### Exercise description
Would it be possible to output exactly, and only, the lines below from the one holding "7月10日深夜,士兵在马来西" to the last line, both included, with every picture left out?

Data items
+++

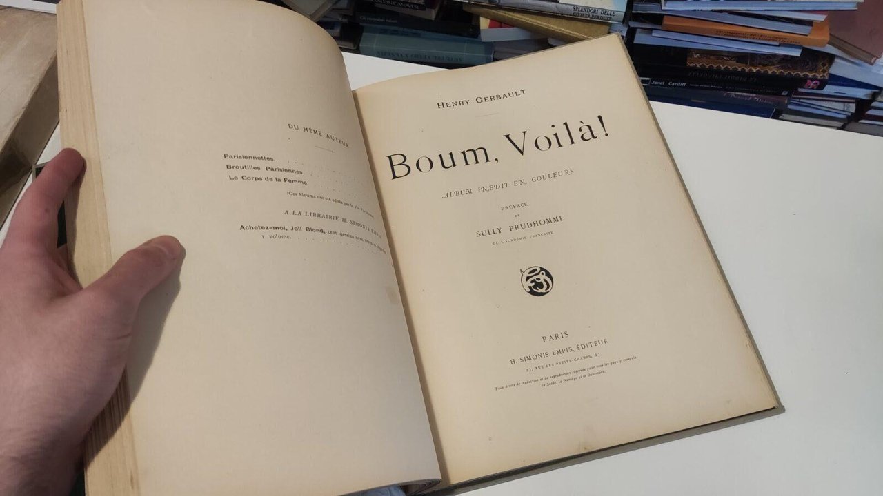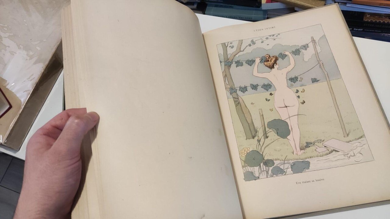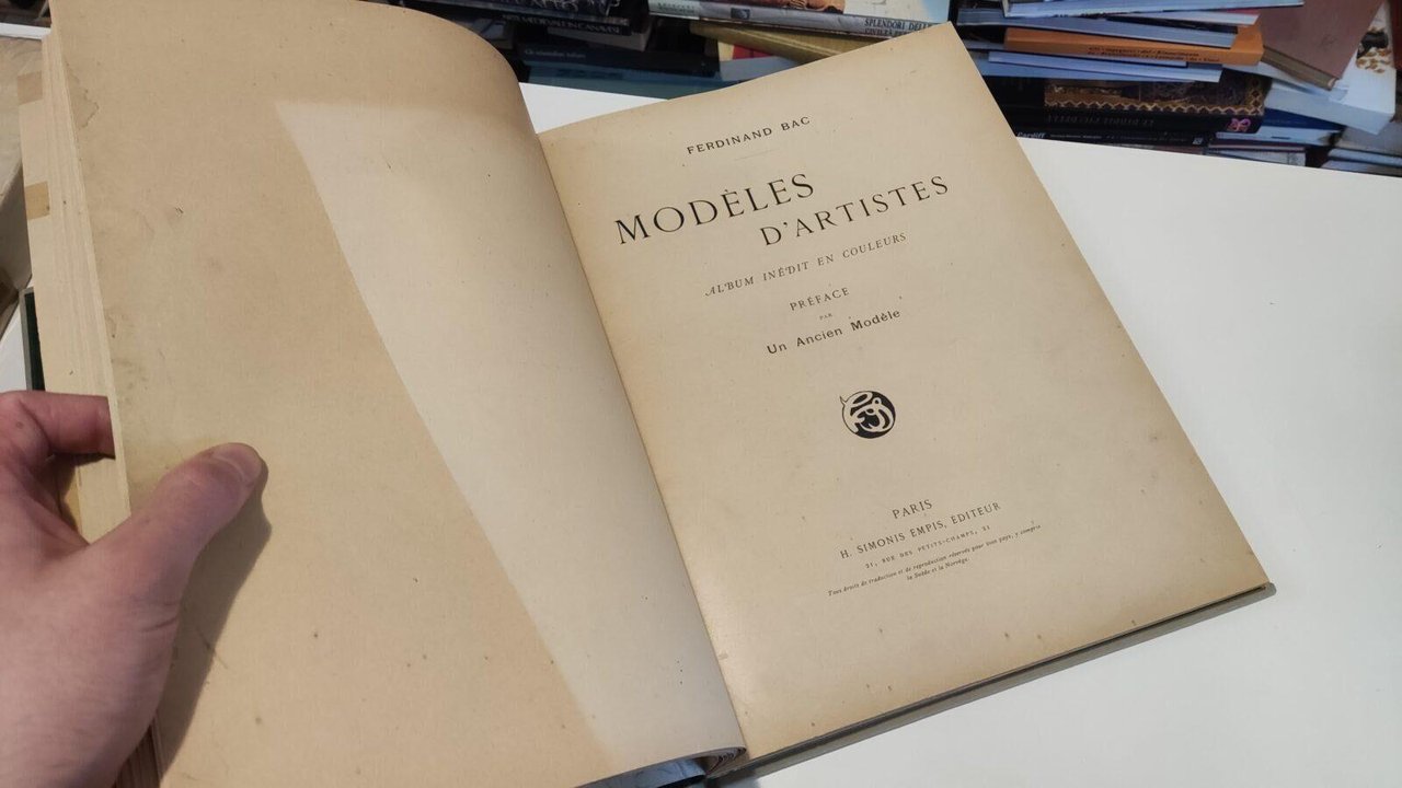 Prezioso volume rilegato comprendente 3 album illustrati Ferdinand Bac Les fetes galantes Album absolument inedit par Bac seguito da Modeles d'Artistes Album inedit en couleurs seguito da Henry Gerbault Boum, Voilà! Tutti e tre gli album sono editi da Empis - Paris intorno al 1900 La rilegatura in velluto grigio con tallone verde e titolo in oro sul piatto anteriore, velluto verde ai risguardi. Album oggetto di restauro nelle parti con difetti, qualche leggera fioritura sporadica. Libro in ottime condizioni, minimi segni del tempo: il secondo e il terzo album non hanno il frontespizio. Non esitate a contattarci per altre foto o richieste. Saremo lieti di soddisfare ogni vostra esigenza.
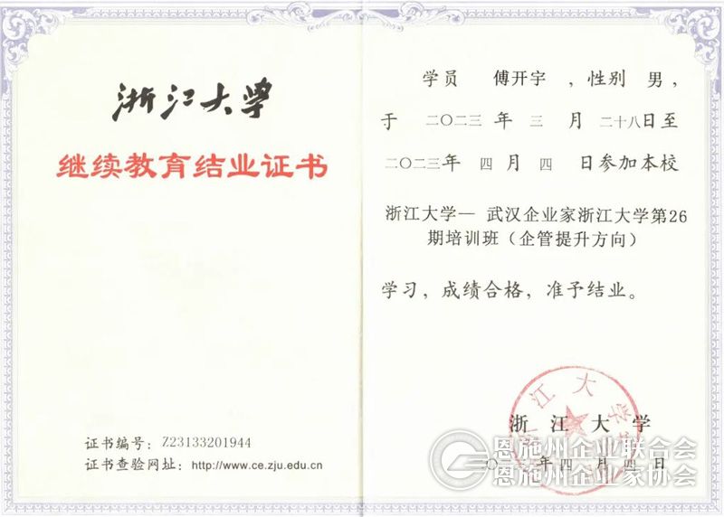 3月28日至4月4日,我有幸作为恩施州企联的工作人员,与恩施州企联选送的五位恩施州优秀企业家:刘腊元、周和俊、王少龙、邓建华、郭中俊一起,全程参与了在浙江大学西溪校区举办的武汉企业家浙江大学第26期(企管提升方向)培训班。聆听了林桦、程晓明、杨遴杰、冯柏忠、楼健人、周荣、鲁柏祥、任鑫苗、李林春等九位专家的授课;到阿里巴巴总部开展了一天的实地学习;与众多来自武汉的企业家利用课间休息和晚餐时间进行了深入交流。就个人而言,8天高强度的培训,收获了满满的干货,在如何提高学习力、改善认知模式、增强大局观等方面进行了一次难得的“充电”;就恩施州企业发展思路而言,坚定了必须走以数字化转型为导向的专精特新发展之路的信心;就企联自身发展而言,深感企联组织必须不断提升自己的影响力和执行力,为会员单位提供更加精准的服务。
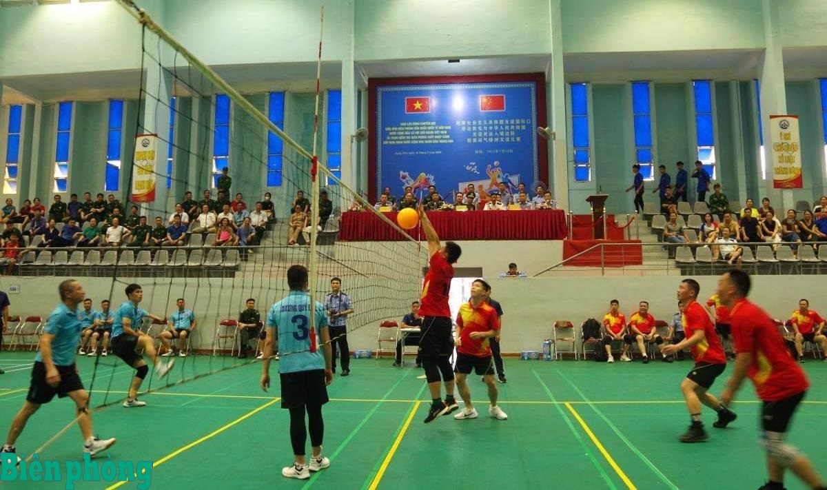 Đồn Biên phòng cửa khẩu quốc tế Hữu Nghị và Trạm Kiểm tra Biên phòng xuất nhập cảnh Hữu Nghị Quan thi đấu giao lưu bóng chuyền hơi. Ảnh: Vy Thượng
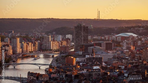 Shower Curtain: Time lapse of the cityscape of Liége, Belgium during a beautiful sunset
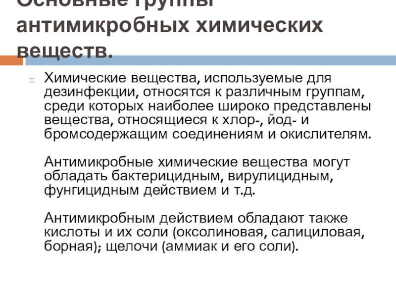Антимикробные химические вещества могут обладать бактерицидным, вирулицидным, фунгицидным действием и т.д.
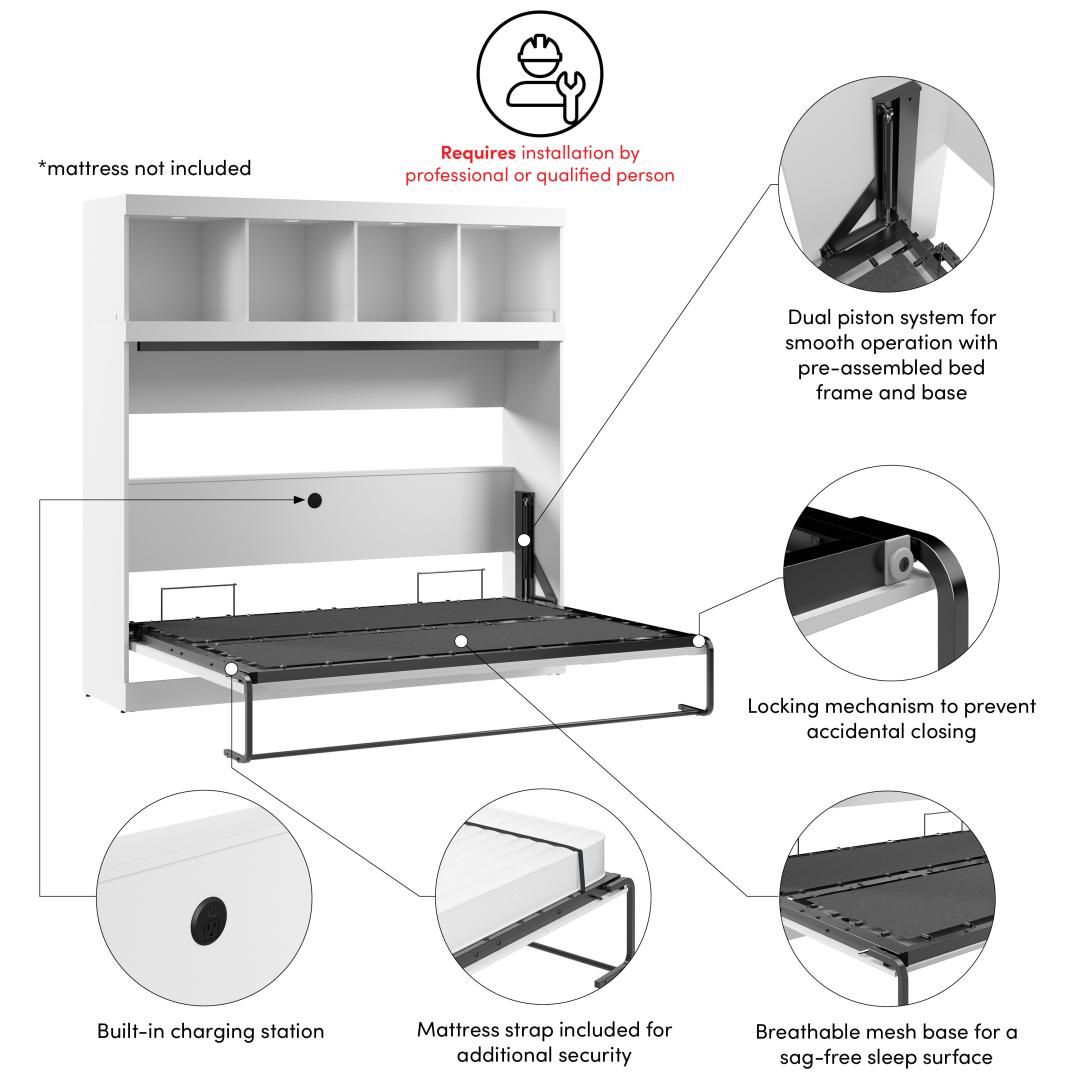 80W Full Horizontal Murphy Bed with Overhead Storage
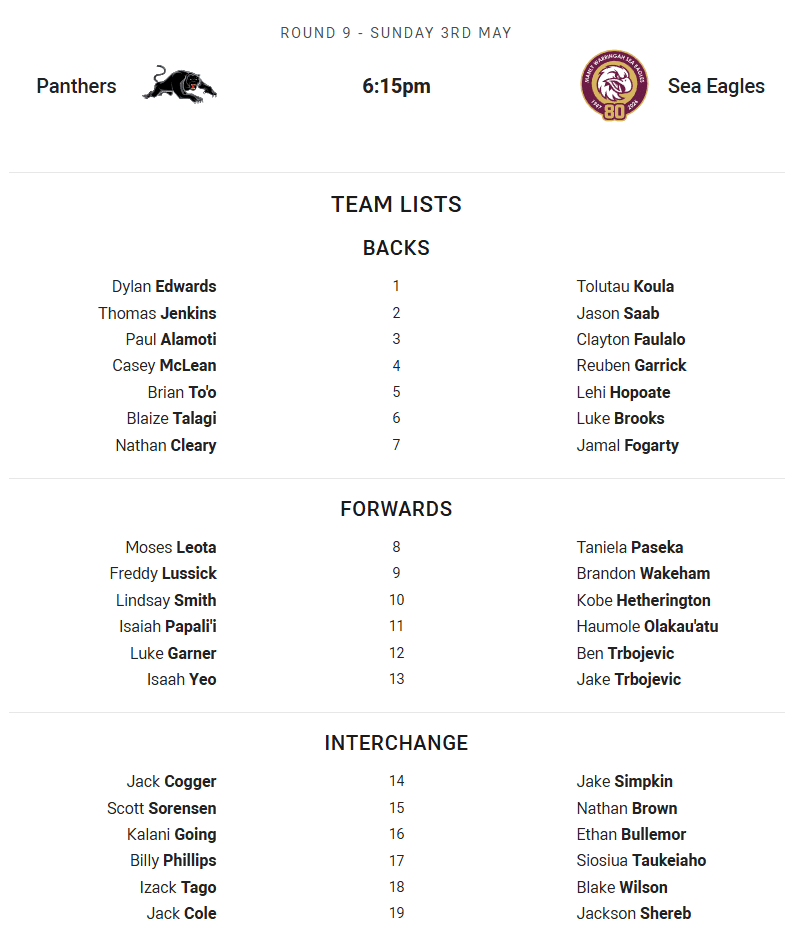 Panthers vs Sea Eagles – Sunday 6:15PM at CommBank Stadium
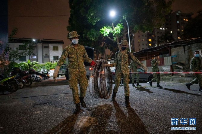 7月10日深夜,士兵在马来西亚吉隆坡郊区一个实行“加强行动管制令”的社区安装铁丝网。新华社发(张纹综摄)
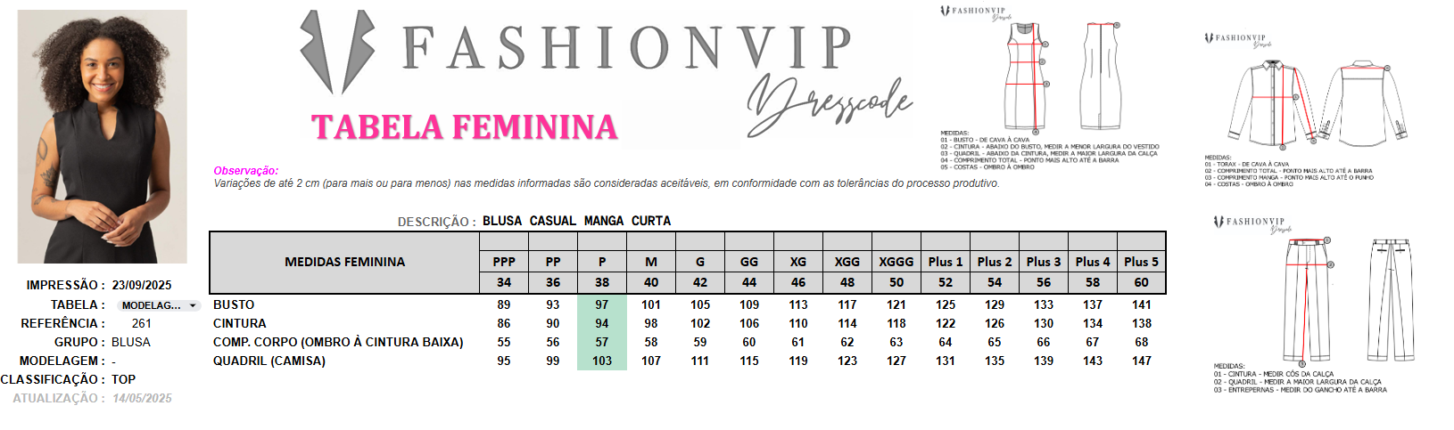 TABELA DE MEDIDAS;
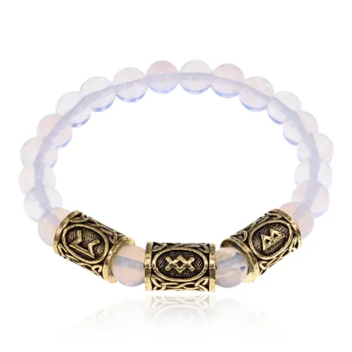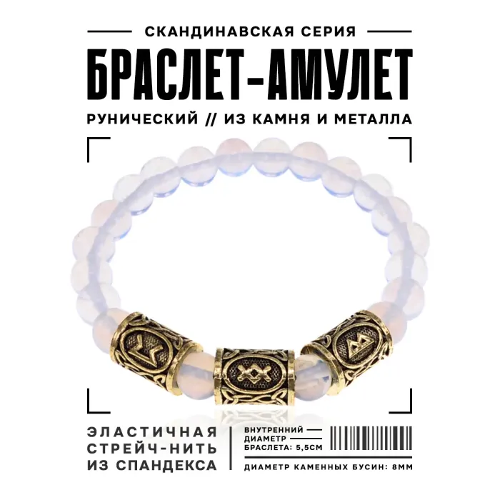Рунический стрейч-браслет с бусинами из синтетического лунного камня диаметром 8 мм.
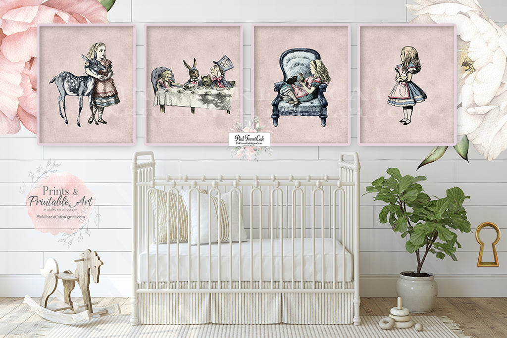 4 Alice In Wonderland Wall Art Print Vintage Dusty Mauve Nursery Baby Girl Room Printable Decor

+++

### Task output
 7月10日深夜,士兵在马来西亚吉隆坡郊区一个实行“加强行动管制令”的社区安装铁丝网。新华社发(张纹综摄)
 TABELA DE MEDIDAS;
Рунический стрейч-браслет с бусинами из синтетического лунного камня диаметром 8 мм.
 4 Alice In Wonderland Wall Art Print Vintage Dusty Mauve Nursery Baby Girl Room Printable Decor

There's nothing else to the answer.